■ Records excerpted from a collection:
----------------

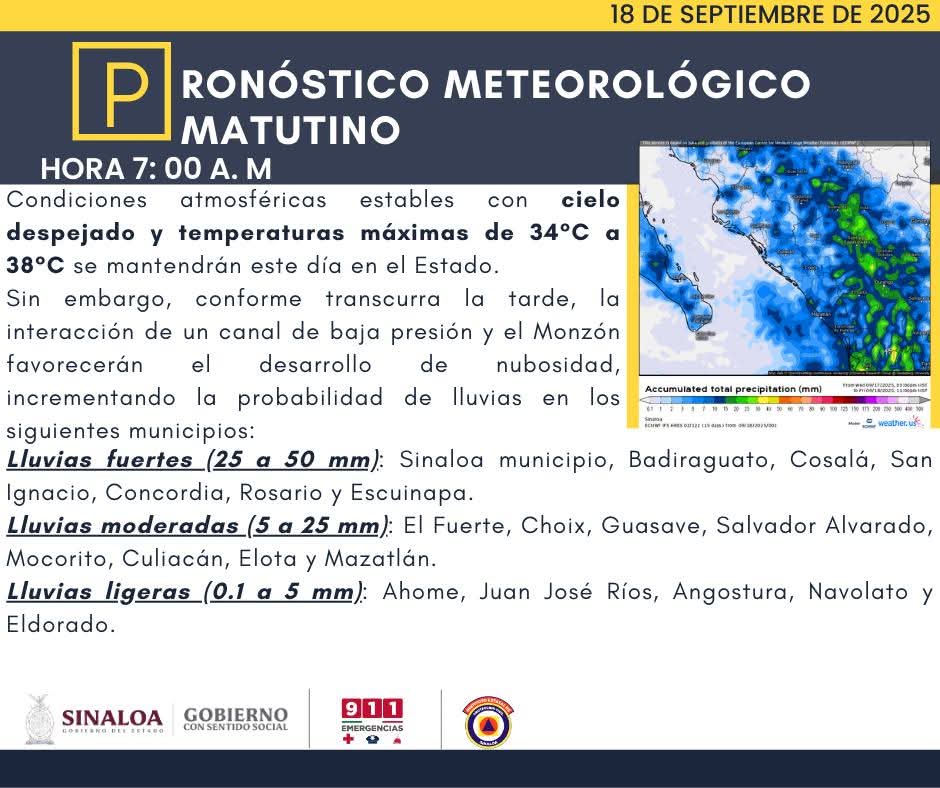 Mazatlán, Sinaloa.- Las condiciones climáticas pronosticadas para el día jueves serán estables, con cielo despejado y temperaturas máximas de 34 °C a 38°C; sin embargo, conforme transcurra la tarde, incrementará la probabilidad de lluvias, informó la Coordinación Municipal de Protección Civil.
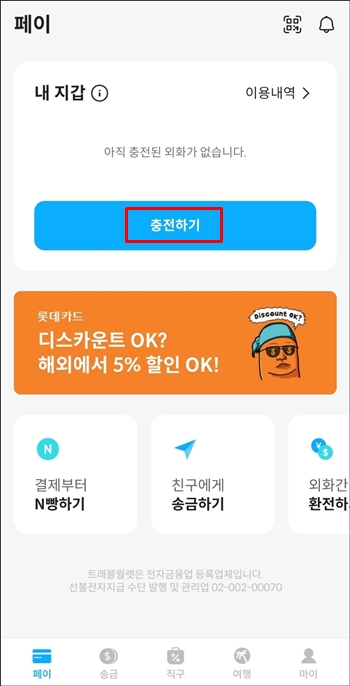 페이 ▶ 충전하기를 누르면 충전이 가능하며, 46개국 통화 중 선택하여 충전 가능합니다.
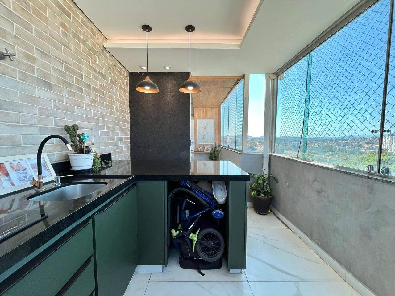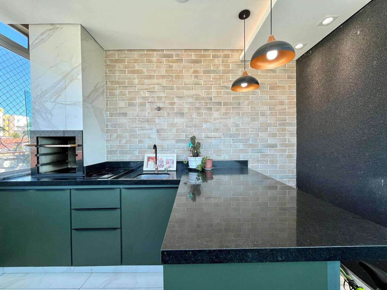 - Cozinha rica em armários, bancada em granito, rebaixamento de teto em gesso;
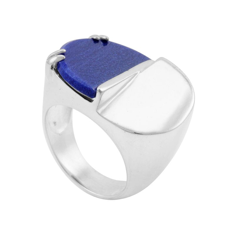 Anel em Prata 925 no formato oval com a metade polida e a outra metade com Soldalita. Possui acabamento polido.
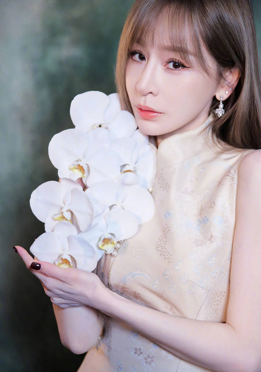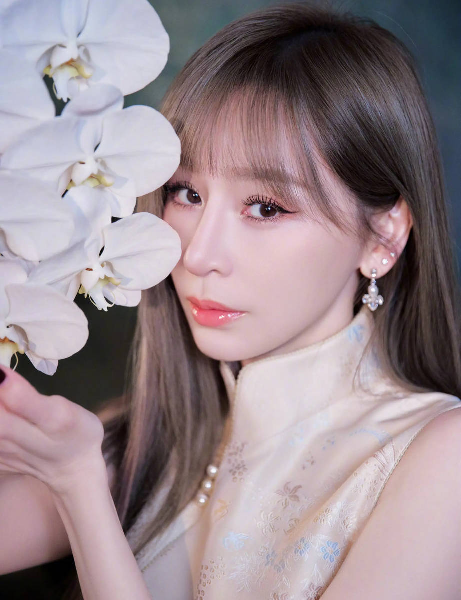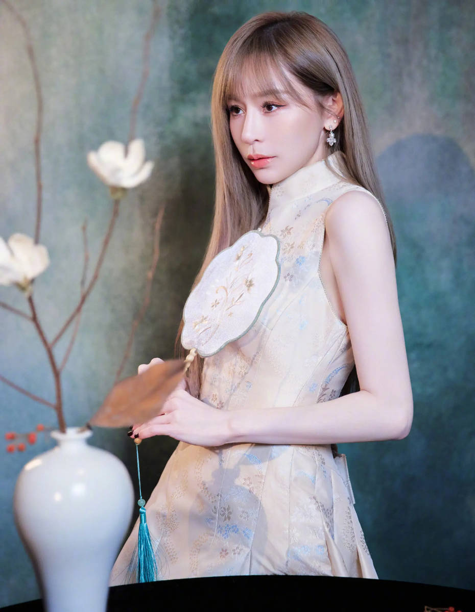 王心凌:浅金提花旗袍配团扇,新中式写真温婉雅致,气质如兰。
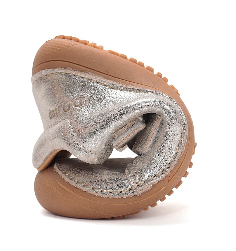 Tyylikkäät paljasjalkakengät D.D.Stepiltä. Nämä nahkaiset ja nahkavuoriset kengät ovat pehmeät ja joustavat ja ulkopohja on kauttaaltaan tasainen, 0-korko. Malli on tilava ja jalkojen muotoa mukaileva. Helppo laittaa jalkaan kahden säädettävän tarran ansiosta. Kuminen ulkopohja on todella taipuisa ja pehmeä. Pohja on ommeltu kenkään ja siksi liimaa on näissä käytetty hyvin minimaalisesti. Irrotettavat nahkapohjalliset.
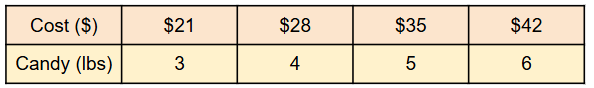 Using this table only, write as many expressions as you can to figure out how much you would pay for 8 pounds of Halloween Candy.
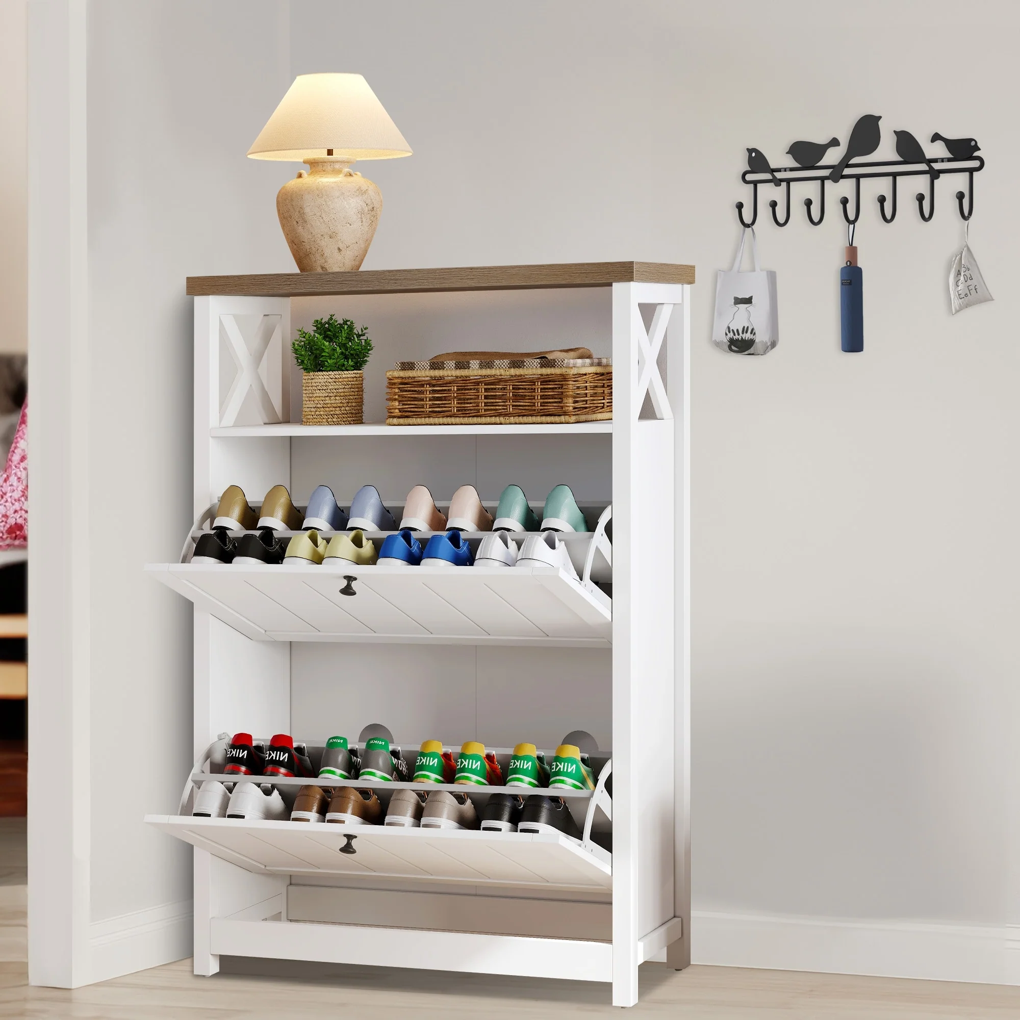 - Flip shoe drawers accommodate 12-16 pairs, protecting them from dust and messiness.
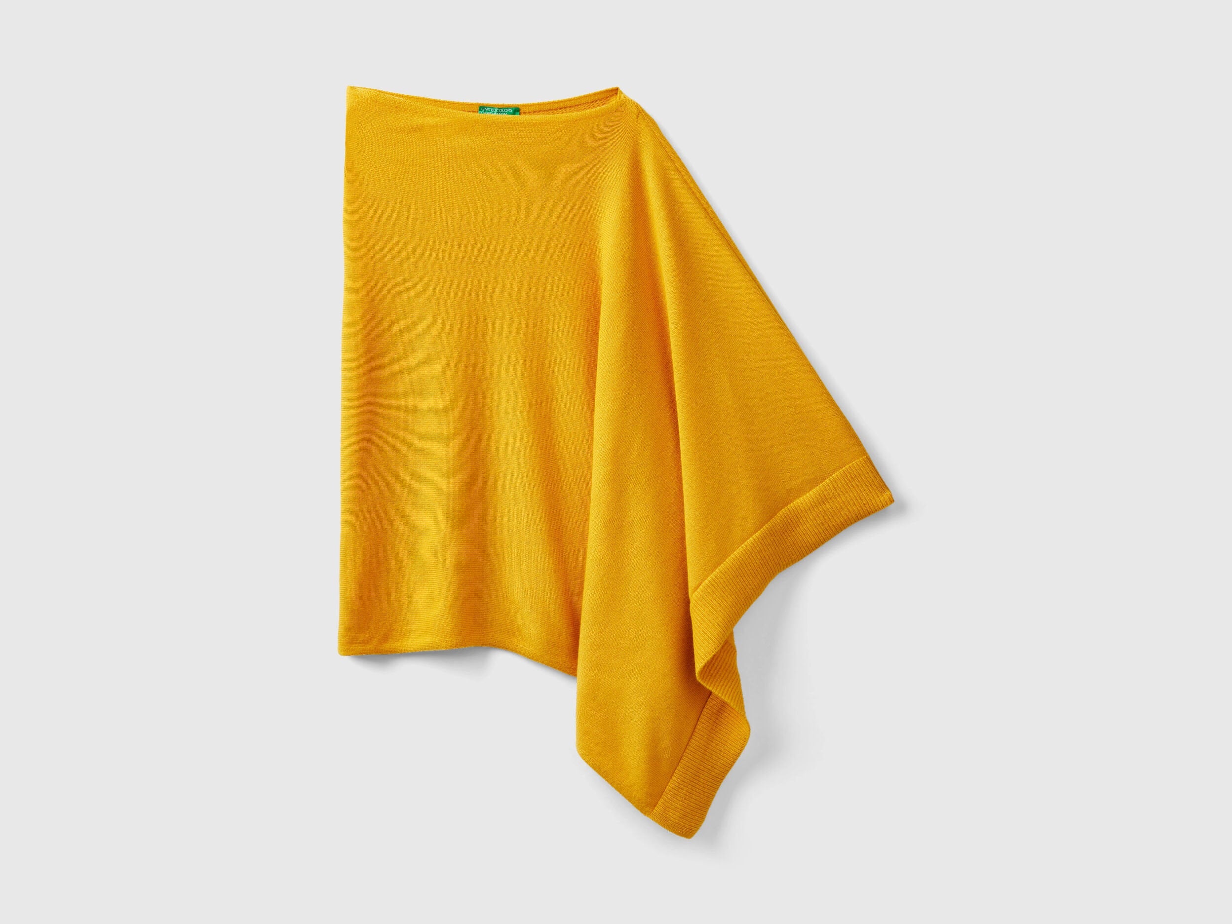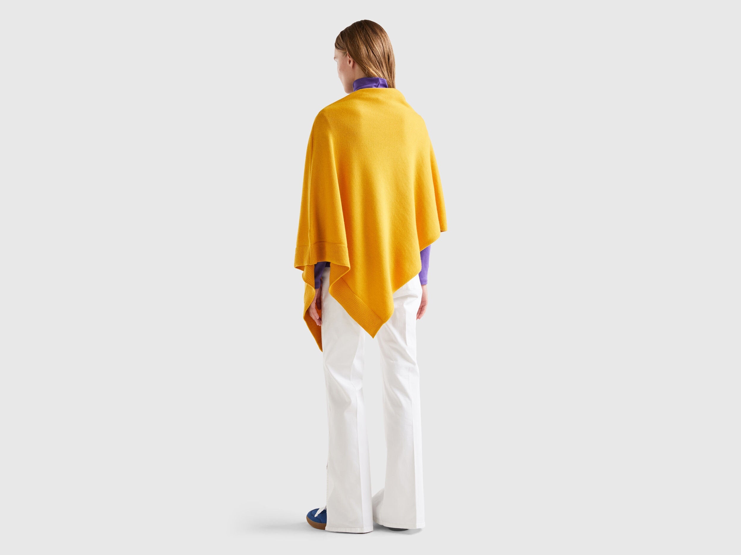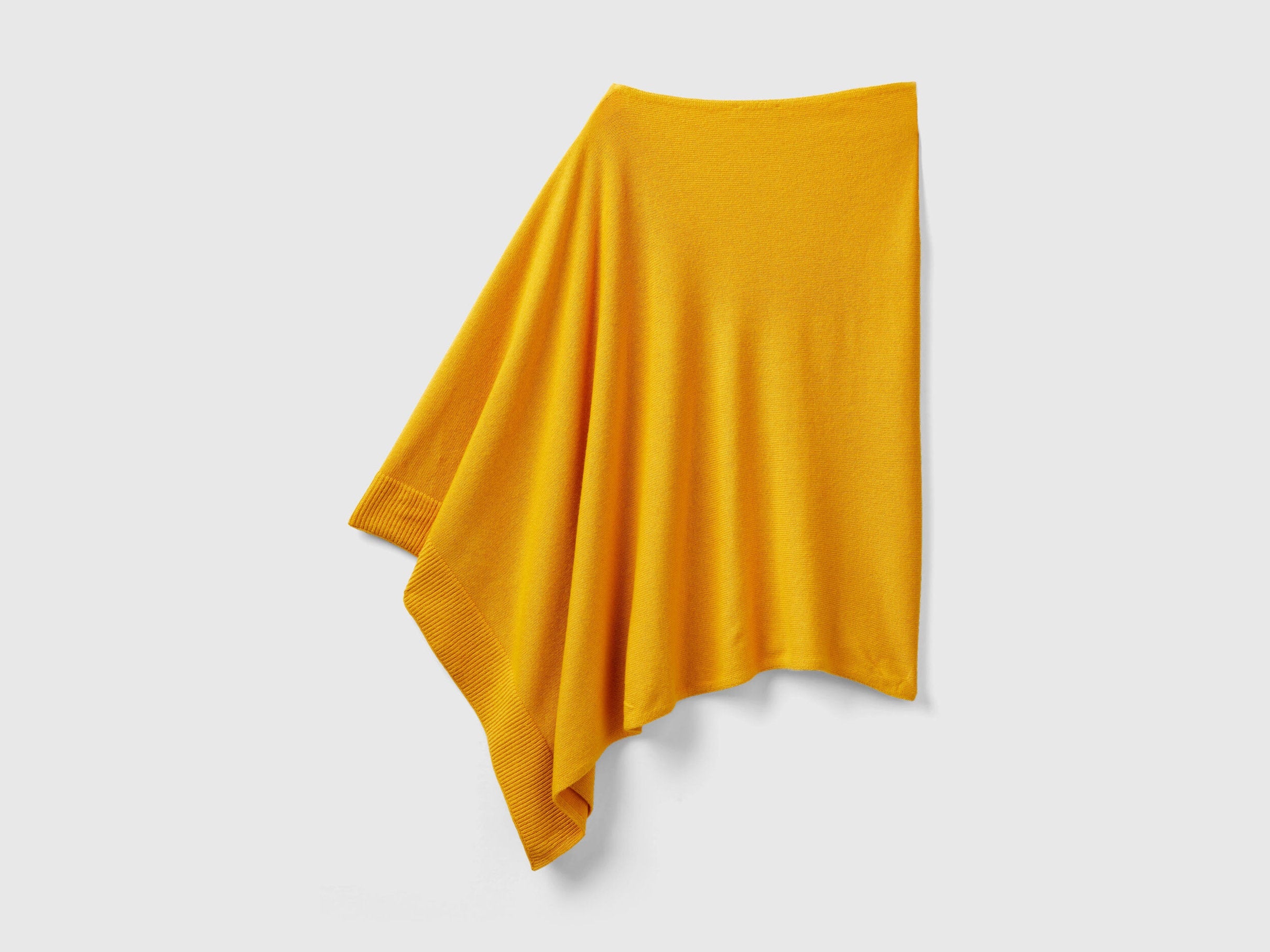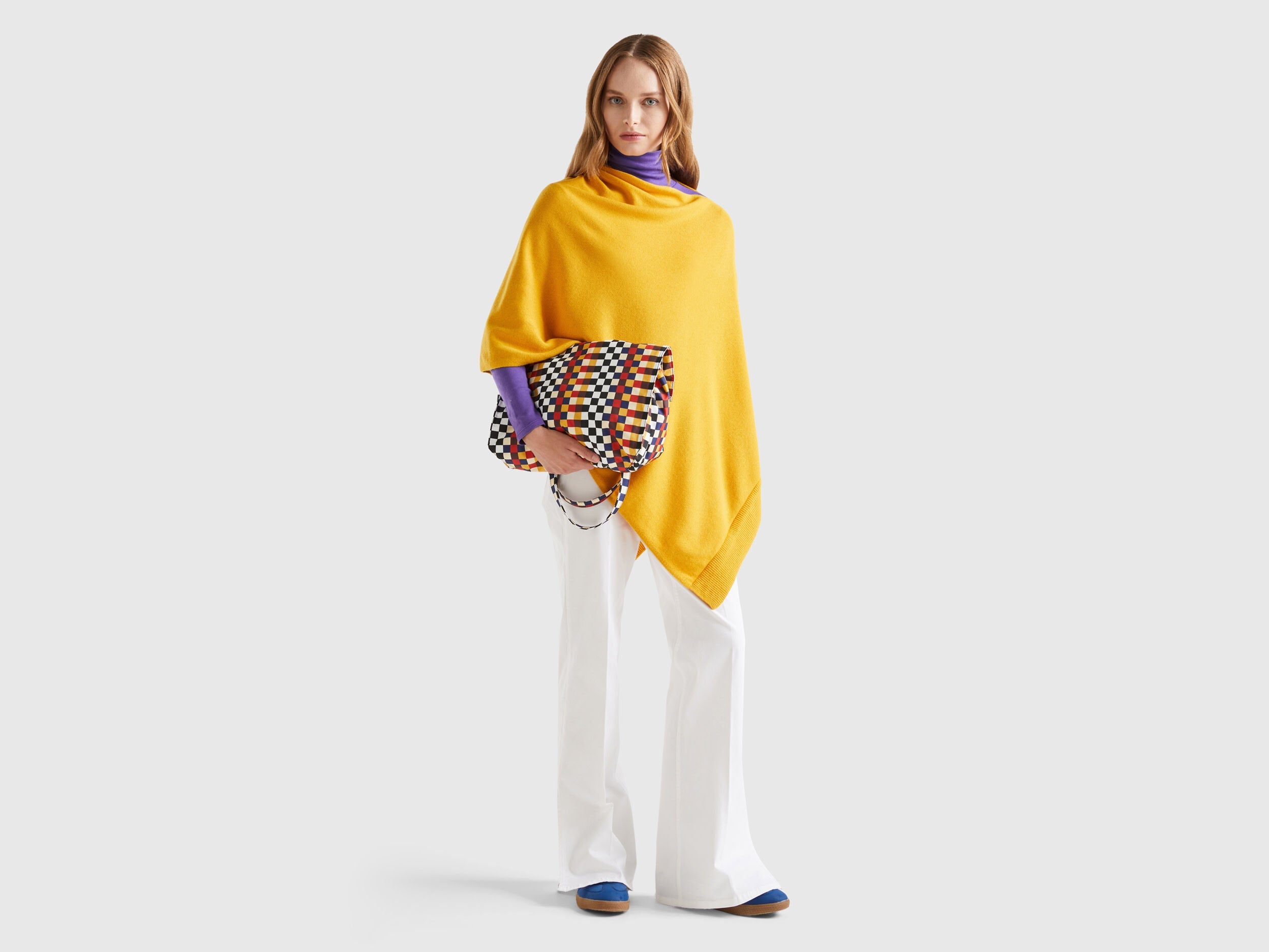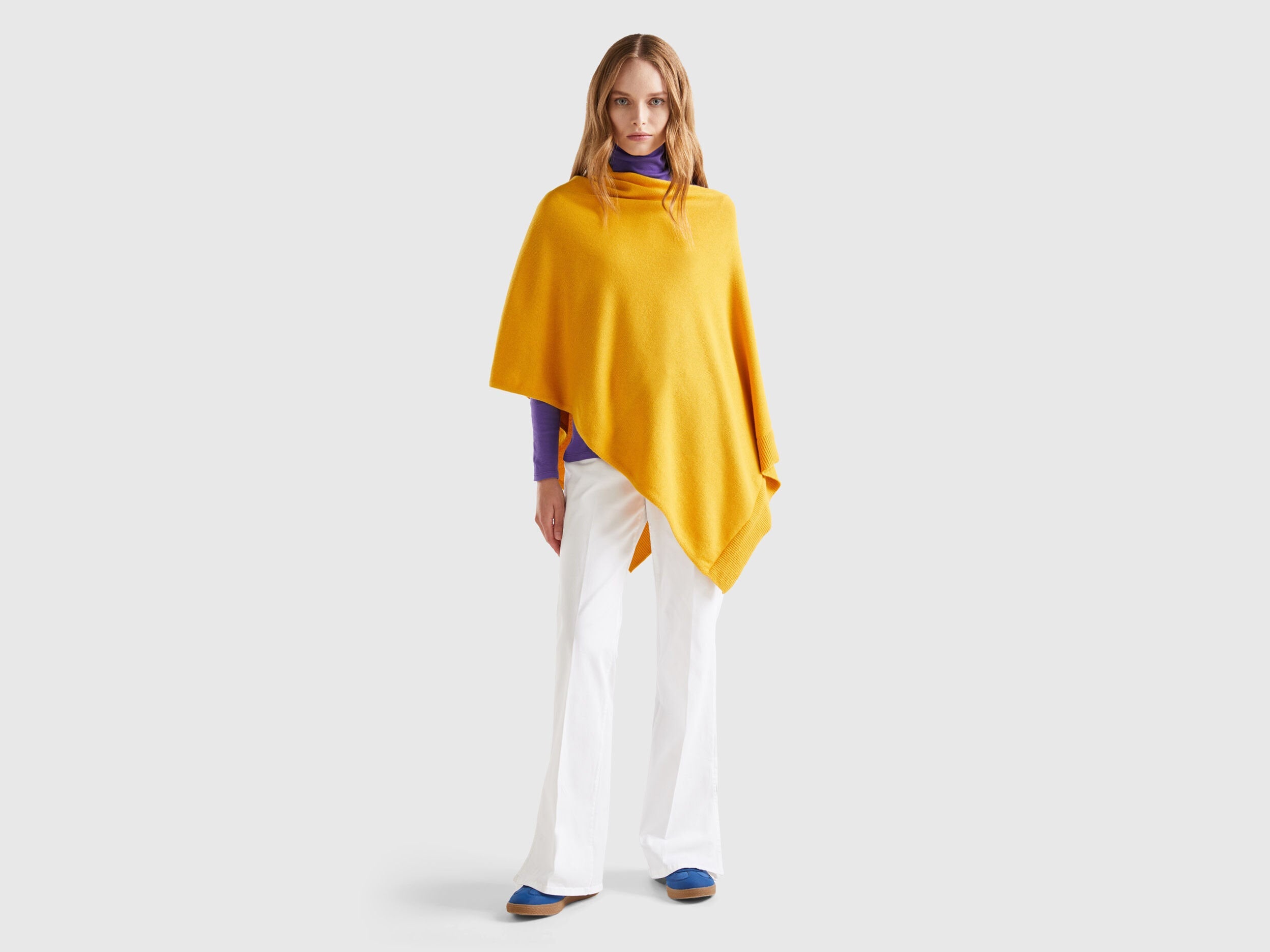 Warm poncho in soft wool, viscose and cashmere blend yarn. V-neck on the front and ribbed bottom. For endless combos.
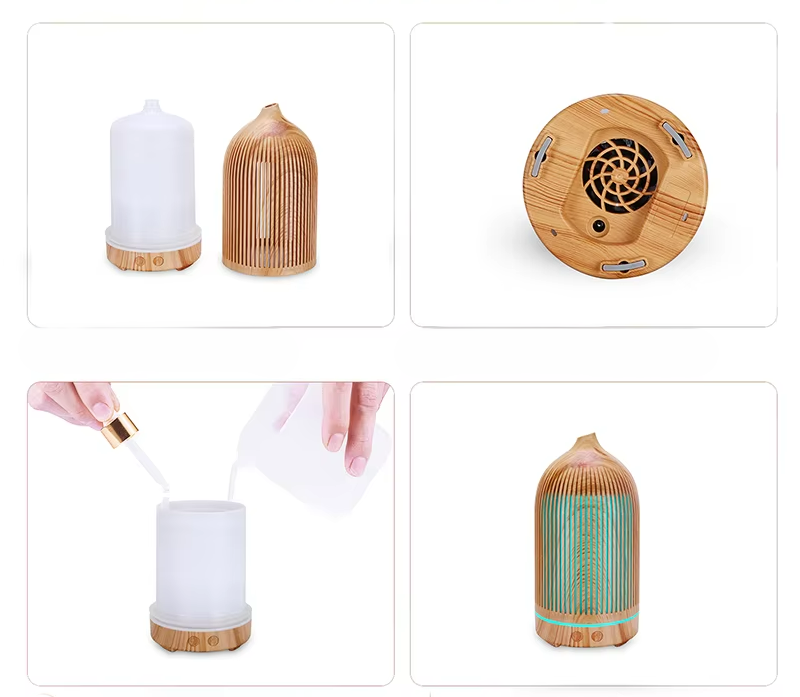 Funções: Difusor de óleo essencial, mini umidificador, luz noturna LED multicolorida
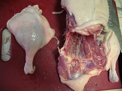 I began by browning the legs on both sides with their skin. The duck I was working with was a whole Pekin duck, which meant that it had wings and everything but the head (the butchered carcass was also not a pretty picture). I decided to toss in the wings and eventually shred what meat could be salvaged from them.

----------------

Leaving out the pictures, print each line of the records above from the first up to and including the one that contains "王心凌:浅金提花旗袍配团扇,新中式写真温婉雅致,气质如兰。", exactly as written.

■ Answer area:
 Mazatlán, Sinaloa.- Las condiciones climáticas pronosticadas para el día jueves serán estables, con cielo despejado y temperaturas máximas de 34 °C a 38°C; sin embargo, conforme transcurra la tarde, incrementará la probabilidad de lluvias, informó la Coordinación Municipal de Protección Civil.
 페이 ▶ 충전하기를 누르면 충전이 가능하며, 46개국 통화 중 선택하여 충전 가능합니다.
 - Cozinha rica em armários, bancada em granito, rebaixamento de teto em gesso;
 Anel em Prata 925 no formato oval com a metade polida e a outra metade com Soldalita. Possui acabamento polido.
 王心凌:浅金提花旗袍配团扇,新中式写真温婉雅致,气质如兰。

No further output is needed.